-- Stored items from a collection --
>>>

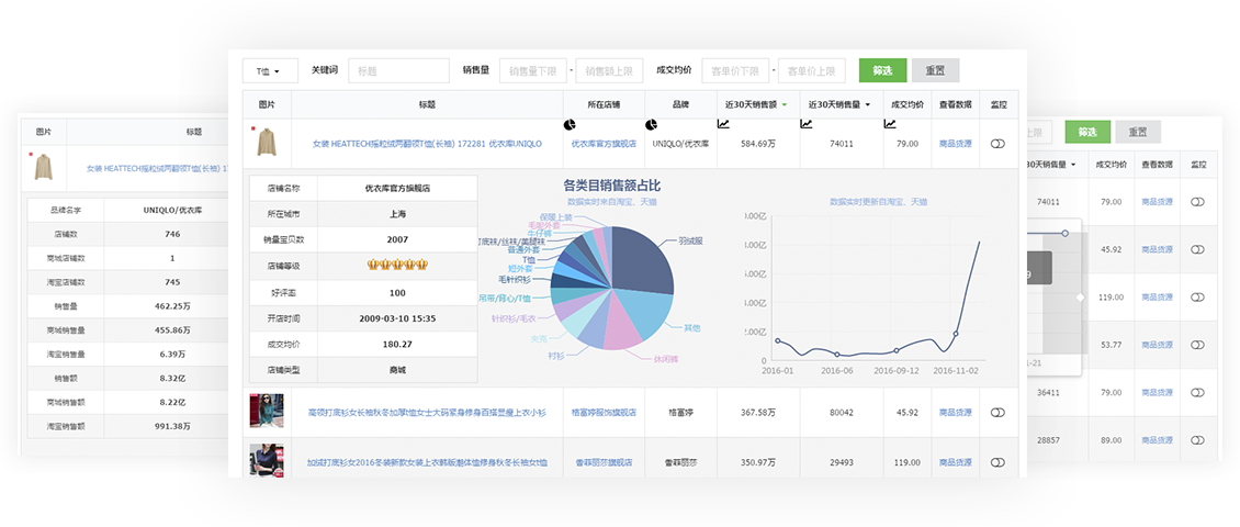 了解行业细分市场,监控市场数据变化,发现行业优秀店铺和标杆商品。
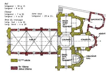 Plan de l'église au XIIe et XIXe siècles
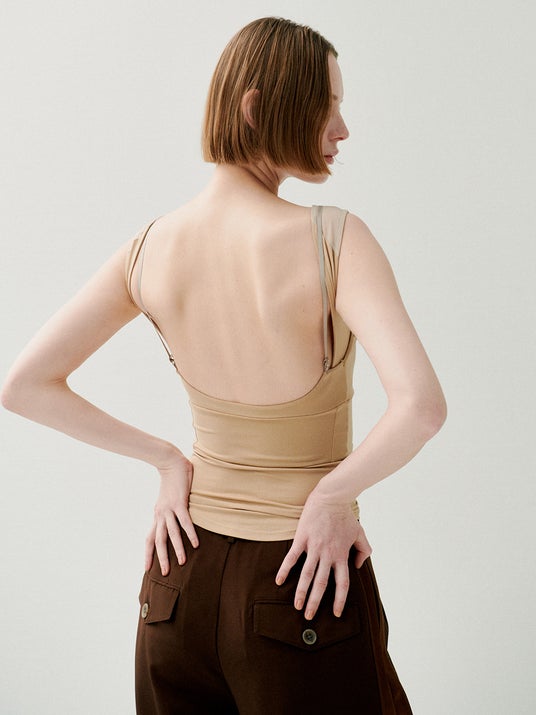 背中を大きく開けたデザインが特長の、カップ付きタンクトップインナー。
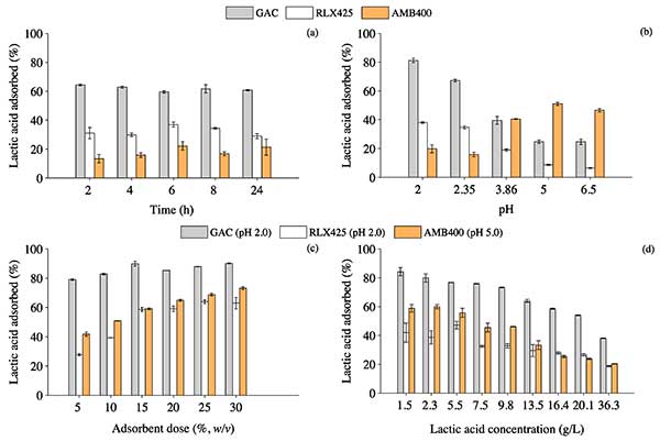 目前的研究表明,活性炭是一種好的吸附劑。然而,吸附在吸附劑上的乳酸的量不能作為選擇合適吸附劑的唯一參數(shù)。另外,活性炭的吸附能力經(jīng)過不同的吸附和解吸循環(huán)后可以降低,因此活性炭的長(zhǎng)期性能對(duì)選擇最經(jīng)濟(jì)可行的材料至關(guān)重要。從吸附劑中解吸乳酸是一個(gè)重要的因素,需要作為下游加工策略來考察,但超出了本研究的范圍。
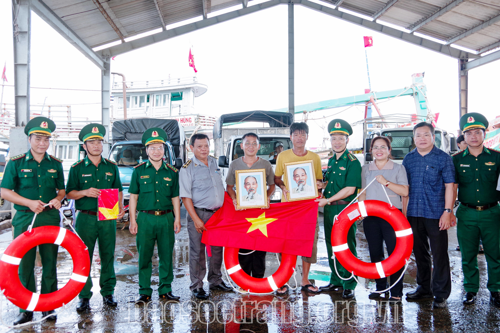 Dịp này, Bộ đội Biên phòng tỉnh cũng đã trao tặng tủ thuốc biên phòng, ảnh Bác Hồ, cờ Tổ quốc và phao cứu sinh cho các ngư dân.

<<<

Transcribe exactly, and only, the lines from the one with "目前的研究表明,活性炭是一種" through the final line of the data above. The pictures stay out.

-- Written solution --
 目前的研究表明,活性炭是一種好的吸附劑。然而,吸附在吸附劑上的乳酸的量不能作為選擇合適吸附劑的唯一參數(shù)。另外,活性炭的吸附能力經(jīng)過不同的吸附和解吸循環(huán)后可以降低,因此活性炭的長(zhǎng)期性能對(duì)選擇最經(jīng)濟(jì)可行的材料至關(guān)重要。從吸附劑中解吸乳酸是一個(gè)重要的因素,需要作為下游加工策略來考察,但超出了本研究的范圍。
 Dịp này, Bộ đội Biên phòng tỉnh cũng đã trao tặng tủ thuốc biên phòng, ảnh Bác Hồ, cờ Tổ quốc và phao cứu sinh cho các ngư dân.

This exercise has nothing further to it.